◆ Information:
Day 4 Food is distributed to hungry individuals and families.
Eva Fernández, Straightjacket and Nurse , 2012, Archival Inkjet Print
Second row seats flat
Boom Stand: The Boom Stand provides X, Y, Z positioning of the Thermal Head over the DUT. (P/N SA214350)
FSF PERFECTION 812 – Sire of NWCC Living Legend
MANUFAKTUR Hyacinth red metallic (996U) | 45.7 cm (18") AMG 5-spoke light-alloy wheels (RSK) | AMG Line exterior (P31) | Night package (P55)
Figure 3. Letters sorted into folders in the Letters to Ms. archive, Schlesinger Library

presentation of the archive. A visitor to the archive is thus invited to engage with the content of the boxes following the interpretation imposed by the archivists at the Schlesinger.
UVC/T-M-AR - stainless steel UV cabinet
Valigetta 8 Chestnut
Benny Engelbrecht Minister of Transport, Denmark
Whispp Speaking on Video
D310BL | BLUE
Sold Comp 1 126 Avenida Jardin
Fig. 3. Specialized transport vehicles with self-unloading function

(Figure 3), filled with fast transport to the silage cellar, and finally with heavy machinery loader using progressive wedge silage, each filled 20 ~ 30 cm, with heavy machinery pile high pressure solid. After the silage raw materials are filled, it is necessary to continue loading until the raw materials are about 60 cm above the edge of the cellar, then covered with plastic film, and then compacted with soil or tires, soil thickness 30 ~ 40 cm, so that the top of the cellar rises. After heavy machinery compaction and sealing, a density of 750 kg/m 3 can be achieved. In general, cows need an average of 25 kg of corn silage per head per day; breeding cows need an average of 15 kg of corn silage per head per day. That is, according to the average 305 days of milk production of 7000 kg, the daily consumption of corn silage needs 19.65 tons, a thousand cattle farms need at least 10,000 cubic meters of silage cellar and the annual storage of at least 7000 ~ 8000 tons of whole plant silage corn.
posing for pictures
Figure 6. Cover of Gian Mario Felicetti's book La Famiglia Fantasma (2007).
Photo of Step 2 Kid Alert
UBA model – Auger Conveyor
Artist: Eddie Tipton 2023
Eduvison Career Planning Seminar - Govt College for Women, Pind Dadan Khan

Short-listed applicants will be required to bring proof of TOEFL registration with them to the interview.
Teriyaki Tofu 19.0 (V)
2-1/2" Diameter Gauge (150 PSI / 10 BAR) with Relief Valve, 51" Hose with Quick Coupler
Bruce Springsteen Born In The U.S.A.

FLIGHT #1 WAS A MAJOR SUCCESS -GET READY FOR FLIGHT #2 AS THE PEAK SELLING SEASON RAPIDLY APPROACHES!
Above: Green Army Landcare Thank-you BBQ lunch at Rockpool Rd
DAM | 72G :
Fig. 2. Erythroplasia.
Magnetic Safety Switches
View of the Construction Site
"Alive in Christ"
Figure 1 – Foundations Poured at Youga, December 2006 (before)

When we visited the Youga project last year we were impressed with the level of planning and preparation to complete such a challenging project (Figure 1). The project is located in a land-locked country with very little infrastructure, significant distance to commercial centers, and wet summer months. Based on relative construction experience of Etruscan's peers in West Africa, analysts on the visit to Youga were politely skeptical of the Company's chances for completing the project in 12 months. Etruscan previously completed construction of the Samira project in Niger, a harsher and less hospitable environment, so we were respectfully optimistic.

◆ The problem: Report back each line in the material above that contains the string "Schlesinger".

◆ Answer below:
Figure 3. Letters sorted into folders in the Letters to Ms. archive, Schlesinger Library
presentation of the archive. A visitor to the archive is thus invited to engage with the content of the boxes following the interpretation imposed by the archivists at the Schlesinger.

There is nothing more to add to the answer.